_Work item_
Return the stretch from the line with "1859 - 80 cent" through the line with "Nowa, niegrana karta" in the data below, character for character, skipping all pictures.

_Data for review_
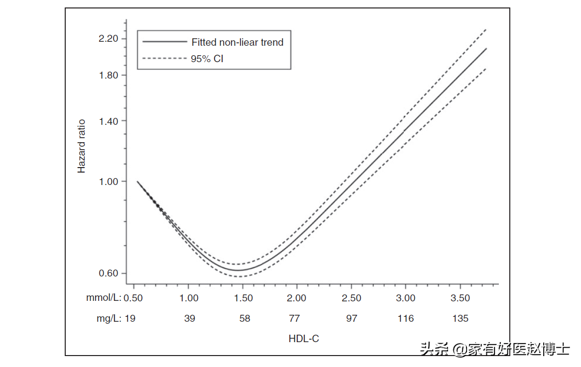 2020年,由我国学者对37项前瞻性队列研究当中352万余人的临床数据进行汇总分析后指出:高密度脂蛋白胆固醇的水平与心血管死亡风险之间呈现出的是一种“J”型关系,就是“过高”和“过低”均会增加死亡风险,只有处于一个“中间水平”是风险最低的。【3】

...

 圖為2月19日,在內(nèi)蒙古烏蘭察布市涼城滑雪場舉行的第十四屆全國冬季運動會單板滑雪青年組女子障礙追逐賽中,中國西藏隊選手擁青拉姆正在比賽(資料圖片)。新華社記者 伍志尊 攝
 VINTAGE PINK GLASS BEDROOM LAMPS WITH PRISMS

* * *

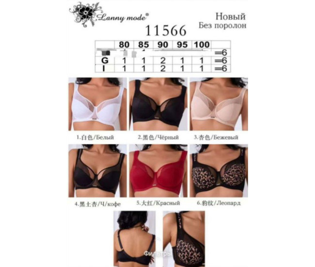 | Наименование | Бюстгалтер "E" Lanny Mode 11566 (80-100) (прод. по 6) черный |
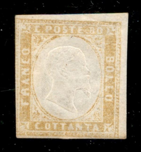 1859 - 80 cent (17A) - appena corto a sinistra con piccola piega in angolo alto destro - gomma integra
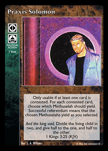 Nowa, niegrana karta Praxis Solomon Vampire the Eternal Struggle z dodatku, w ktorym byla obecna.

_Answer box_
 1859 - 80 cent (17A) - appena corto a sinistra con piccola piega in angolo alto destro - gomma integra
 Nowa, niegrana karta Praxis Solomon Vampire the Eternal Struggle z dodatku, w ktorym byla obecna.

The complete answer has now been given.